• TASK BRIEF:
Pictures are to be left out; everything else in the records must be repeated exactly.

• DATA FOR THIS TASK:

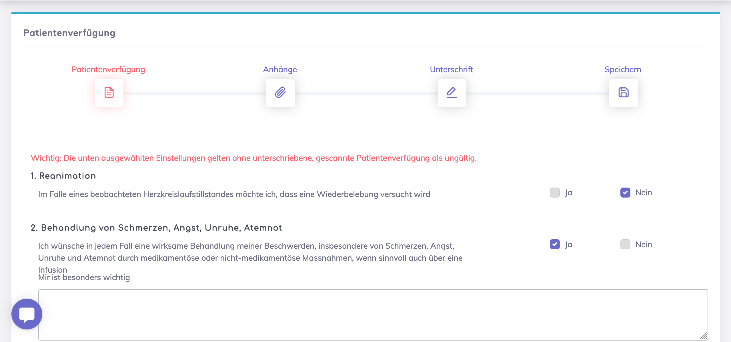Speichern – Beim Speichern des Formulars werden die Unterschriften auf dem Übersichtsbildschirm angezeigt und sind auch beim Exportieren der Patientenverfügung als PDF verfügbar.
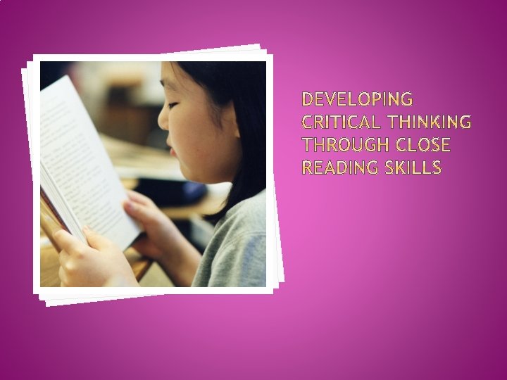 � Question: How do you currently encourage close reading of texts? � Question: What are some of the attributes characteristic of strong readers or thinkers? � Metacognition—they think about their thinking � They use background knowledge � They make connections � They visualize � They ask questions � They make inferences � They make predictions � The evaluate and challenge the text/author/ideas � They create new understandings—synthesize
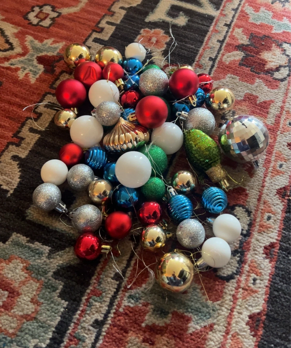 824Assorted Christmas ornaments in various colours and finishes! There are red, gold, blue, silver, and white ornaments in shiny, matte, and glittery finishes.
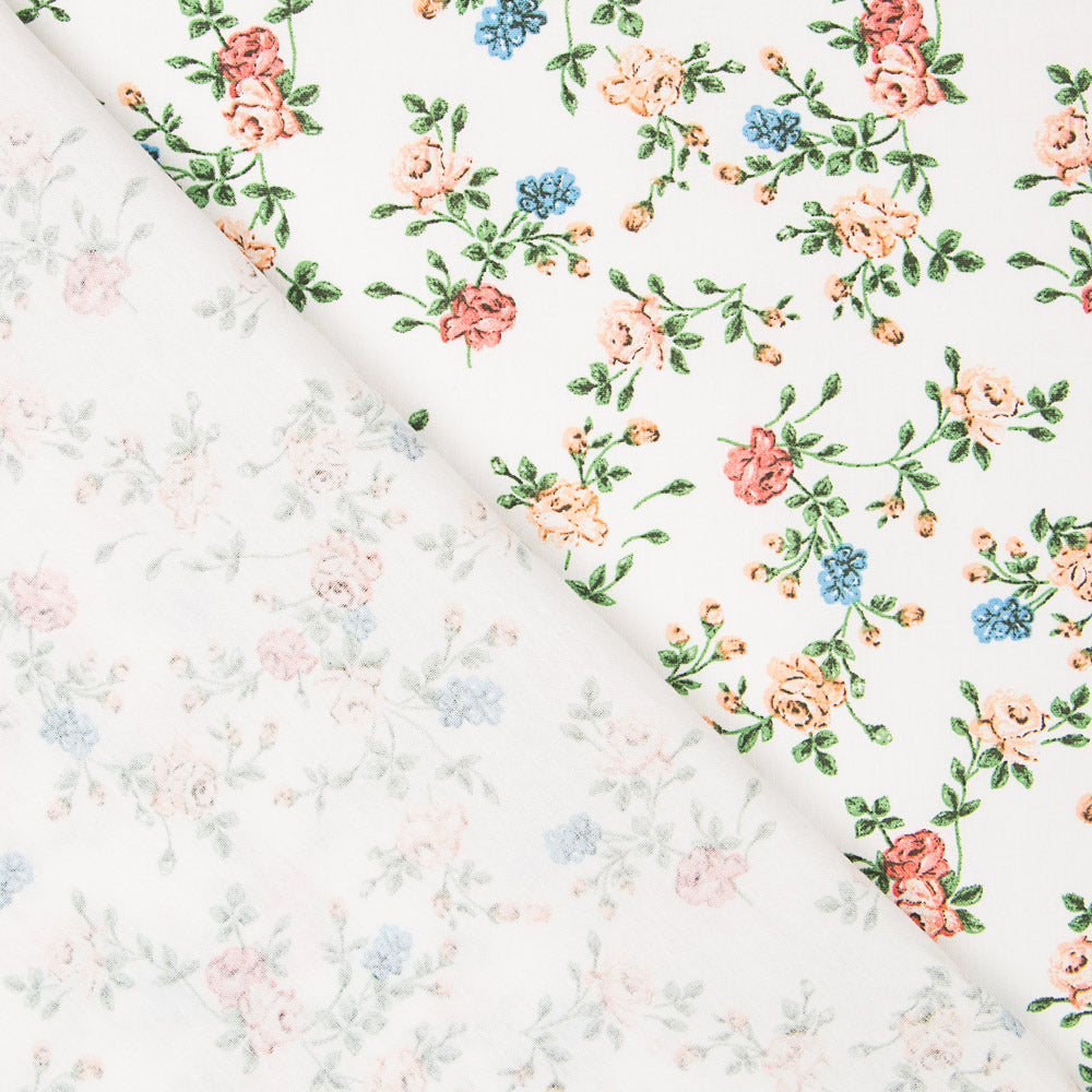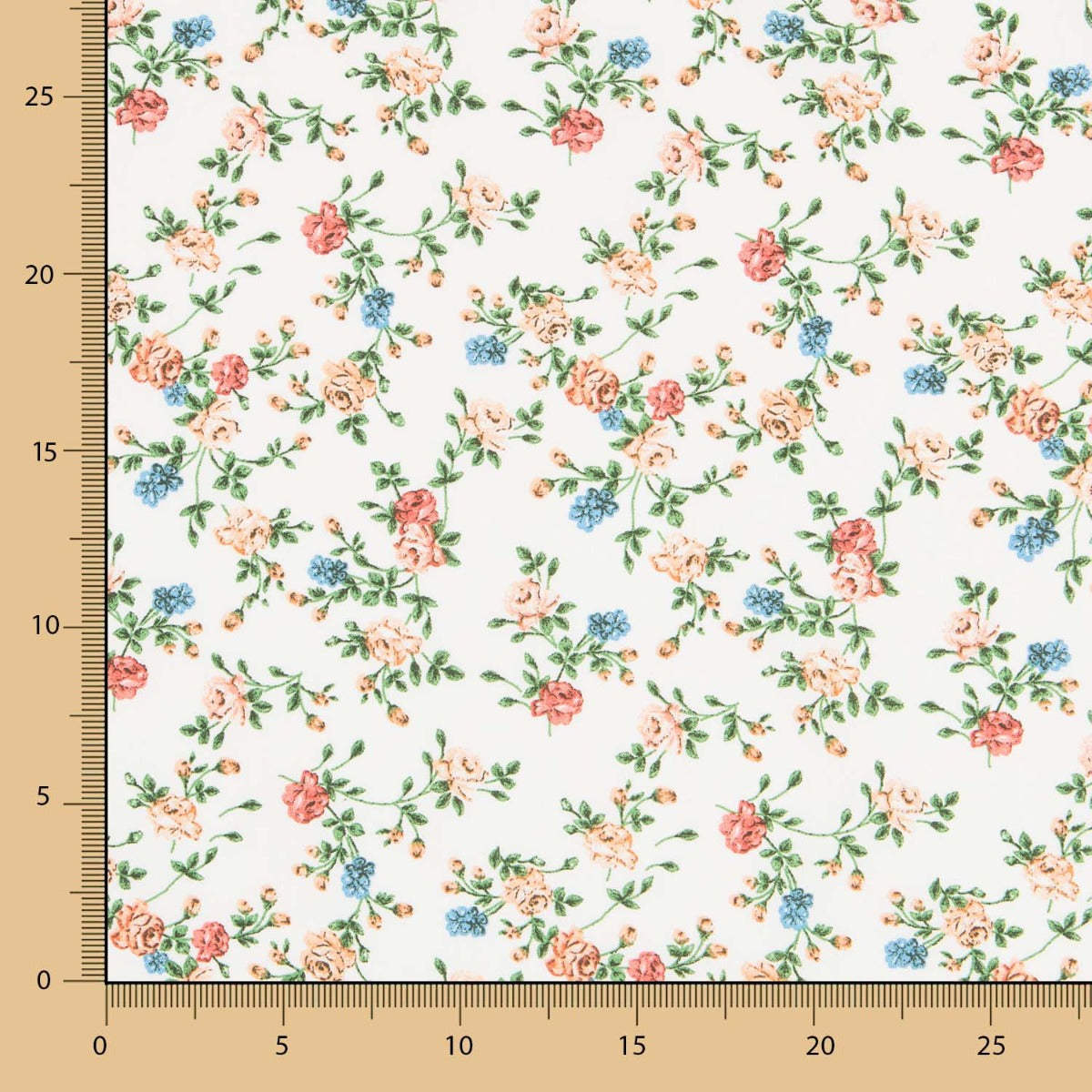 Tissu de coton imprimé avec des fleurs sur un fond écru. La popeline est un tissu de coton très polyvalent, doux, fin et soutenu. Le tissu de coton est idéal pour les accessoires, la décoration intérieure, le patchwork et même les masques. Comme il s'agit d'un tissu 100% coton, il est préférable de le laver avant de le manipuler.
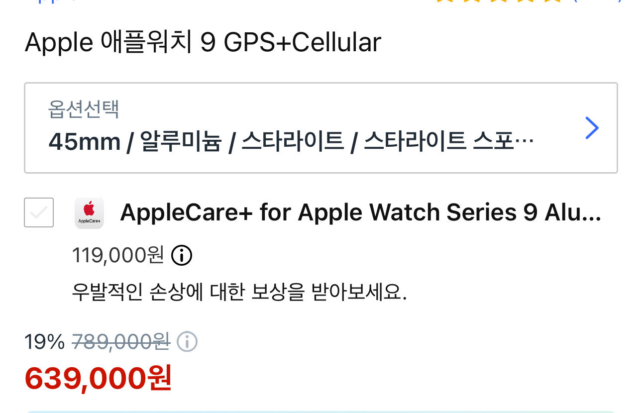 쿠팡에서 현재 모델 애플워치9 45mm 셀룰러 모델 스타라이트 M/L 19% 할인해서 판매중입니다.

• ANSWER BOX:
Speichern – Beim Speichern des Formulars werden die Unterschriften auf dem Übersichtsbildschirm angezeigt und sind auch beim Exportieren der Patientenverfügung als PDF verfügbar.
 � Question: How do you currently encourage close reading of texts? � Question: What are some of the attributes characteristic of strong readers or thinkers? � Metacognition—they think about their thinking � They use background knowledge � They make connections � They visualize � They ask questions � They make inferences � They make predictions � The evaluate and challenge the text/author/ideas � They create new understandings—synthesize
 824Assorted Christmas ornaments in various colours and finishes! There are red, gold, blue, silver, and white ornaments in shiny, matte, and glittery finishes.
 Tissu de coton imprimé avec des fleurs sur un fond écru. La popeline est un tissu de coton très polyvalent, doux, fin et soutenu. Le tissu de coton est idéal pour les accessoires, la décoration intérieure, le patchwork et même les masques. Comme il s'agit d'un tissu 100% coton, il est préférable de le laver avant de le manipuler.
 쿠팡에서 현재 모델 애플워치9 45mm 셀룰러 모델 스타라이트 M/L 19% 할인해서 판매중입니다.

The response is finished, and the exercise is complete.